In the early research period, Richard Wagamese’s book, Indian Horse, hit a chord and resonated with the team. Michael Robidoux’s book on Indigenous hockey, Stickhandling Through the Margins, motivated us to ensure that space be put aside for the full integration of Indigenous voices in the game, whether from the early leadership of Thomas Green, or through the artwork of Jim Logan to spark discussion of hockey in society.

Drawing on Carly Adams’ book, Queens of the Ice, the museum acquired and exhibited a rare Hilda Ranscombe jersey. We also read the footnotes in Lynda Baril’s Nos Glorieuses closely, and as a result were able to secure a number of important artifacts that were still in private collections, including a trophy awarded to Berthe Lapierre of the Montréal Canadiennes in the 1930s. And when we read about Hayley Wickenheiser skating to school in the drainage ditches along the roadside, building up the muscles that made her a leader in the sport, on and off the ice, we put her story near the centre of the exhibition.

A few of our favourite books found their way directly into the museum cases, to tell their own stories.

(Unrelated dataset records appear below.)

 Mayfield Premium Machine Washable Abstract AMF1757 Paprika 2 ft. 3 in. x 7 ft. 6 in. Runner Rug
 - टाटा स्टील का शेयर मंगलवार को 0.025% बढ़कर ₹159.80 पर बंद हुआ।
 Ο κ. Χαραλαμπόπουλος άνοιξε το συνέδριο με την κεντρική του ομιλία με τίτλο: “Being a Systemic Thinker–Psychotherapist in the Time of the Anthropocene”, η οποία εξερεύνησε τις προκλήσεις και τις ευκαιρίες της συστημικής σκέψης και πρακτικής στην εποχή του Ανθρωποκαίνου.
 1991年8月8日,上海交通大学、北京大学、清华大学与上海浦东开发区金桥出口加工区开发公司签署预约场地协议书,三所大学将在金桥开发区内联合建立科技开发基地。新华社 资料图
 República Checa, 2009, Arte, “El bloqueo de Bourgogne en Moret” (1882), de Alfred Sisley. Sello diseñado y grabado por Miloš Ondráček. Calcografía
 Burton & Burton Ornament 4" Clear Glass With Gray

For instance, where we highlighted the role of the team-behind-the-team, we gave Lloyd Percival’s book The Hockey Handbook a central spot in the case. Gary Mossman’s recent biography of Percival was a big influence here, and in particular, I was fascinated by the powerful impact Percival’s book had on how hockey players and coaches approached the game. Imagine a time when players ate more red meat and drank beer the night before a game, rather than following Percival’s advice to eat yogurt and fresh fruit! And yet it was not that long ago! Apparently the book was taken up by Soviet hockey coach Anatoli Tarasov, and we saw its impact on the ice in 1972. Percival also had an interesting perspective on burnout, or “staleness” as he called it—a theory that has application for both on- and off-ice players.

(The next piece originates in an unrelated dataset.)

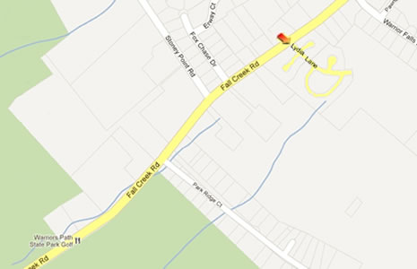 From I-81 take exit 59 Fort Henry Drive toward Colonial Heights. Turn right at Hemlock Rd. toward Warriors Path State Park; slight left at the park onto Fall Creek Rd. go past Warriors Path Golf Course appox. 0.6 mi and Chase Meadows is on the right.
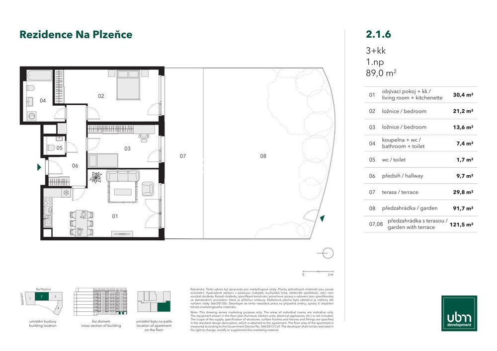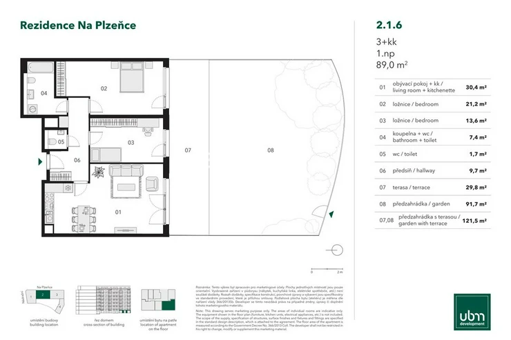 This spacious 89 sqm two-bedroom apartment is located on the ground floor and offers comfortable and practical living with direct access to a large terrace and garden. The approximately 30 sqm terrace and 92.7 sqm garden create the ideal space for outdoor activities, barbecues, or relaxing in the fresh air. Thanks to its south-facing orientation, the apartment is very bright, sunny, and pleasantly lit throughout the day. This apartment is suitable for families or individuals looking to combine comfortable living with a large outdoor space right next to the house. The Na Plzence Residence is a modern and ecological residential project in the dynamically developing Smíchov district. It offers 160 apartments with layouts from 1 to 4 bedrooms, high–standard fittings, and class-A energy efficiency (EPC). The project uses geothermal boreholes, heat pumps, and photovoltaic panels, which reduce operating costs and provide efficient heating and cooling. The residence includes a private courtyard with green space, a two-storey underground garage with charging stations for electric vehicles, and facilities for cyclists.Housing in the Na Plzence Residence combines modern style, energy efficiency and excellent accessibility in the dynamically developing district of Smichov. Construction is already underway, with completion scheduled for the year 2027.Large-format windows with wooden frames and triple glazing bring in plenty of daylight while providing excellent thermal insulation.The apartment has wooden floors and underfloor heating, which provide a comfortable temperature in any season and can replace air conditioning.Smichov is one of Prague's fastest-developing districts and will undergo a significant transformation in the coming years. As part of the revitalisation of the area around the Smichov railway station, a new transport terminal will be built to connect the metro, train station, tram and bus lines with a large P+R car park. At the same time, the railway station is being rebuilt, and a new urban district with offices, shops and public spaces will be created in the area.The Residence is within walking distance of the Smichov railway station, line B metro and tram lines, providing excellent transport accessibility. The proximity to the Vltava River and the Smichov Embankment gives the location an unmistakable atmosphere that combines an urban lifestyle with a pleasant environment for everyday life. There is a wide range of restaurants, cafes, shops, pharmacies and medical facilities in the area.

Stephen Smith, author of Puckstruck, lent the museum collectible and fun cookbooks that teams published—this spoke to the overlap between popular fan culture and the down-to-earth and very practical realities of nutrition in high-performance sport.

The Museum of Manitoba loaned bookmarks that had been distributed to school kids by the Winnipeg Jets, each with a hockey player’s personal message about the importance of literacy in everyday life. These were displayed next to the hockey novels and comic books from LAC.

The exhibition team wondered about how to tackle prickly issues like penalties, violence and controversy. Then we hit on the most natural of all approaches—let the books and newspaper articles tell the stories! So next to an official’s jersey, you will find our suggested reading on the ups and downs of life as a referee, Kerry Fraser’s The Final Call: Hockey Stories from a Legend in Stripes. In the press gallery section, the visitor gets a taste for the ways that sports journalists have made their mark on the game. Next to a typewriter, an early laptop and Frank Lennon’s camera, we placed Russ Conway’s book Game Misconduct: Alan Eagleson and the Corruption of Hockey.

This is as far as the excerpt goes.